▶ **Requirement**
With pictures left out, set down exactly the lines from the line containing "STALACTIT LIGHT® led+" through the last line of the data.

▶ **Exercise material**
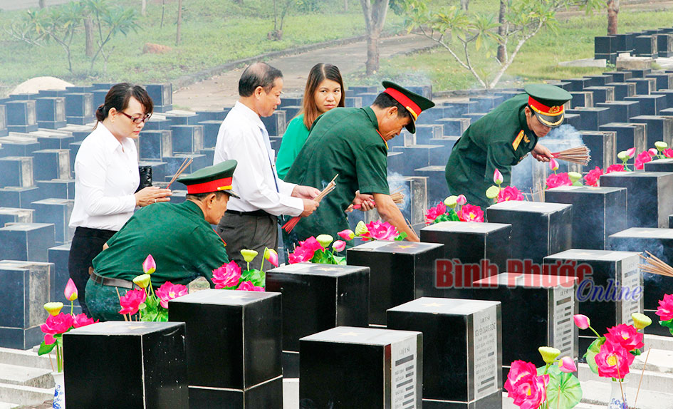 Các đoàn đại biểu: Bộ tư lệnh Quân khu 7; Tỉnh ủy, HĐND, UBND, UBMTTQVN tỉnh, Đoàn đại biểu Quốc hội và các sở, ban, ngành của tỉnh; đoàn đại biểu các lực lượng vũ trang, lãnh đạo huyện, thị xã đã kính cẩn đặt vòng hoa, thắp hương và tưởng niệm các anh hùng liệt sĩ.
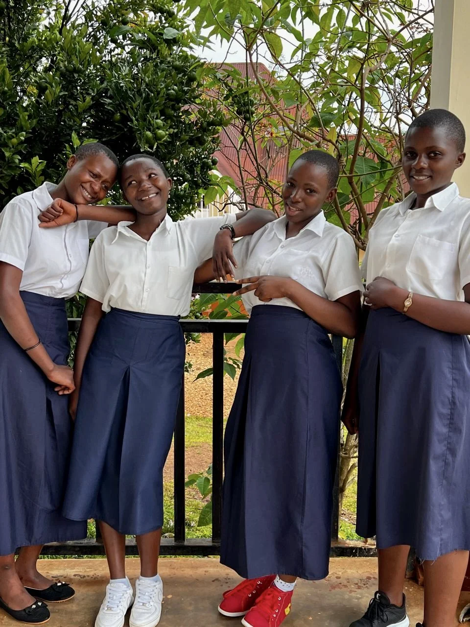 Denise Bora was also part of the Education Assistance program, and is now a brilliant high school graduate. She is pictured here alongside her fellow classmates, from left to right: Denise Bora (70%), Nzigire Pascaline (70%), Cynthia Hamuli (she graduated last year) and Ciragane Bitakuya Divine (75%).
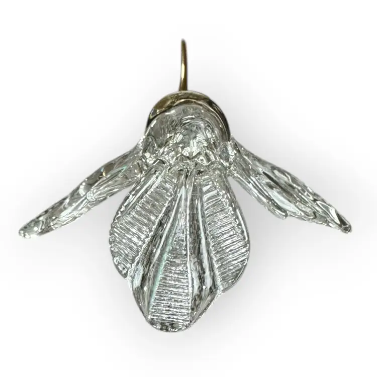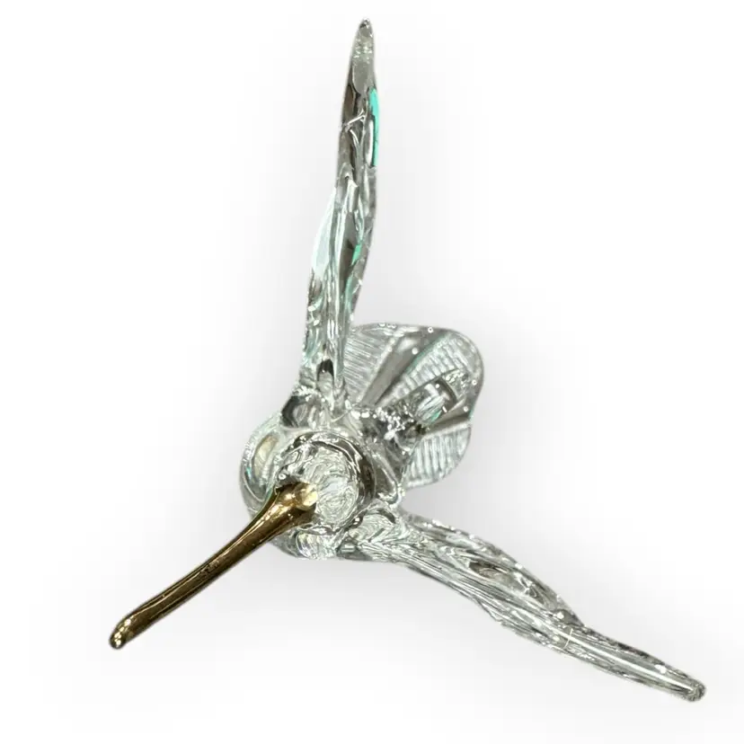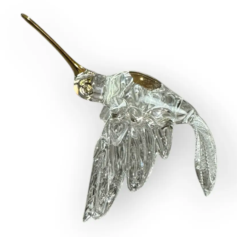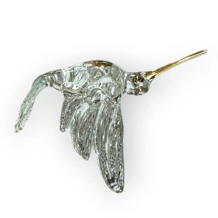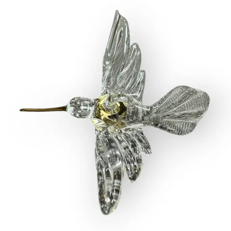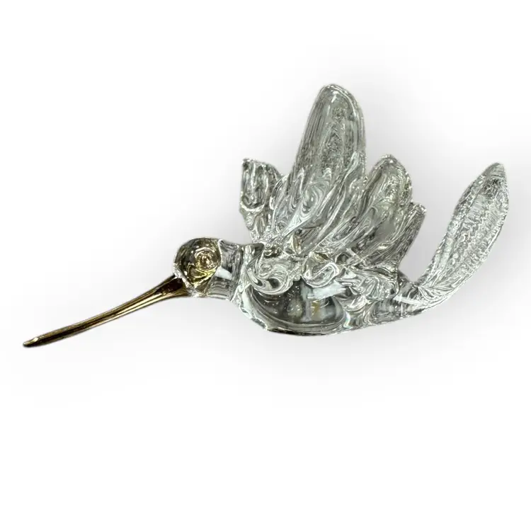 Beautiful and intricate glass hummingbird figurine with a gold-dipped beak, gold-rimmed eyes and a gold chest. There is also a glass loop on the bird’s back for hanging. In perfect condition. Measures 3” long from the top of the beak to the top of the tail. Wingspan measures 2.5” across.
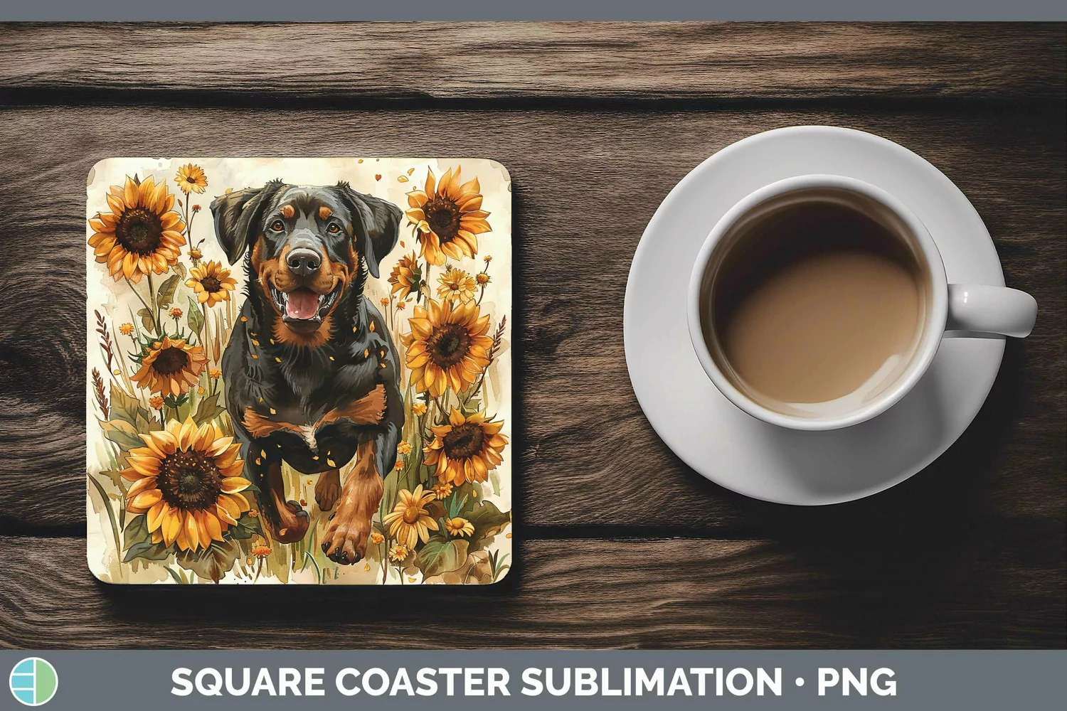 Similar Design Products to Autumn Sunflower Dog Doberman Pinscher Square Coaster Sublim
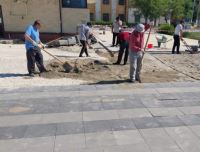 Компания-исполнитель приступила к укладке тротуарного покрытия вдоль прогулочной зоны между пр.
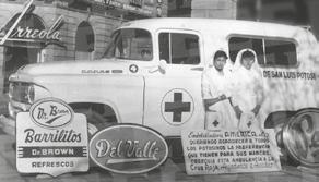Era la primera mitad del Siglo XX cuando las empresas se involucraban en el apoyo a los servicios de emergencia, como la Cruz Roja, por lo que la ambulancia que aparece en la imagen fue donada por una embotelladora.
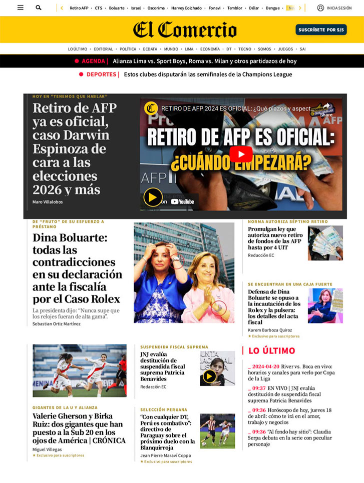 El domingo 24 de marzo, El Comercio estrenó su nuevo diseño.
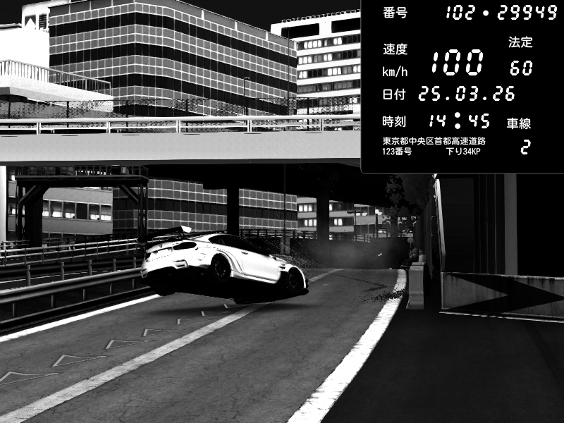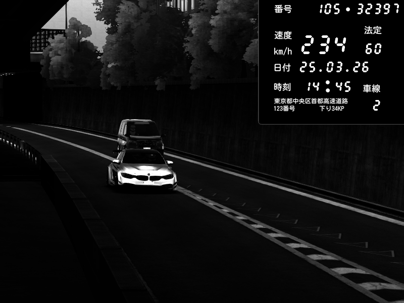 | 2026/03/25 14:45 | C1外回り 新富町 | 100 / 60 km/h | BMW M4 crash.Sp Varis Widebody | CAPTURE |
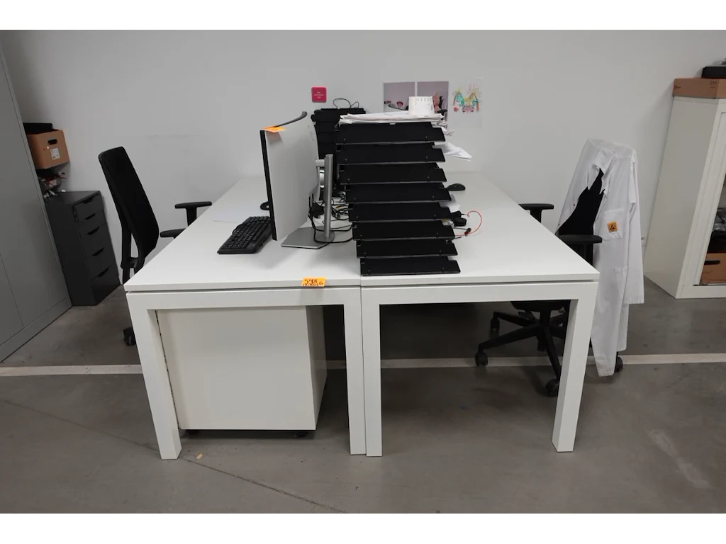 Oa: 2x grote dossierkast, 2x tafel (l:1800), 2x bureaustoel, 2x ladenkast<br /> locatie: bureau gelijkvloers
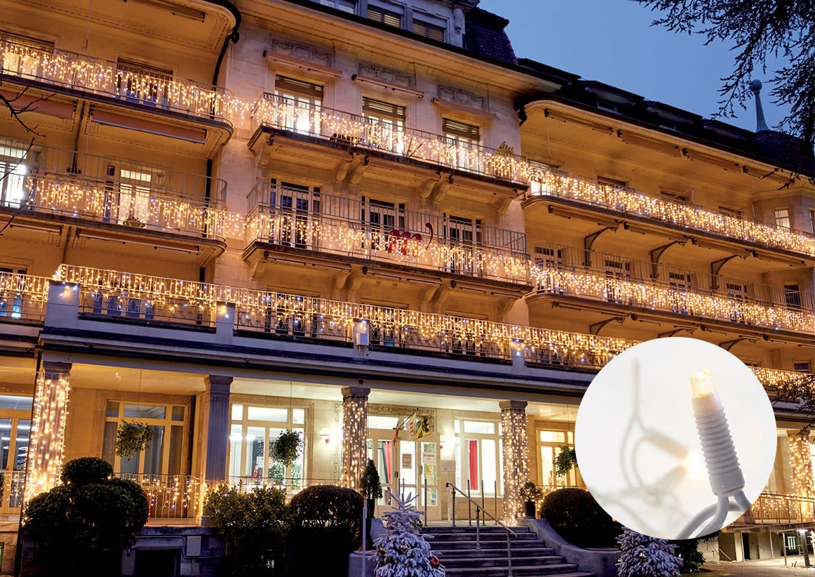 STALACTIT LIGHT® led+ et Flash-230V 4,5m-120 led blanc chaud et 60 slow flash blanc chaud- H max: 0,8m-fixe-câble caoutchouc blanc-Produit fourni sans alimentation, possibilités de raccordement avec les accessoires Octoplus by Blachere.
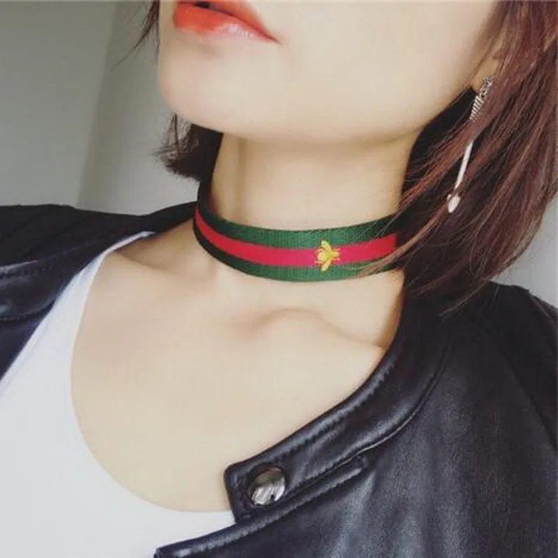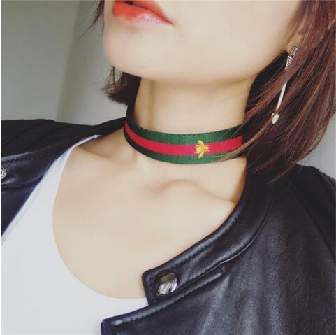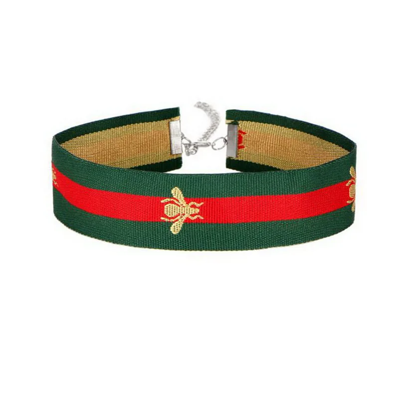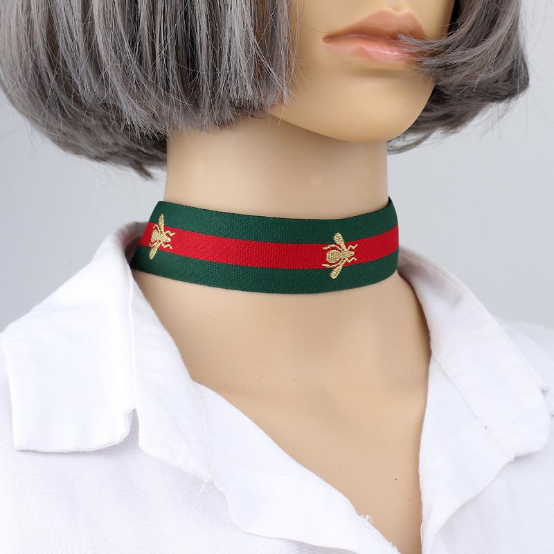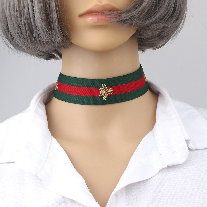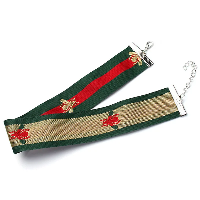 Type:Red Green Stripe Ribbon Choker Necklace

▶ **Task output**
 STALACTIT LIGHT® led+ et Flash-230V 4,5m-120 led blanc chaud et 60 slow flash blanc chaud- H max: 0,8m-fixe-câble caoutchouc blanc-Produit fourni sans alimentation, possibilités de raccordement avec les accessoires Octoplus by Blachere.
 Type:Red Green Stripe Ribbon Choker Necklace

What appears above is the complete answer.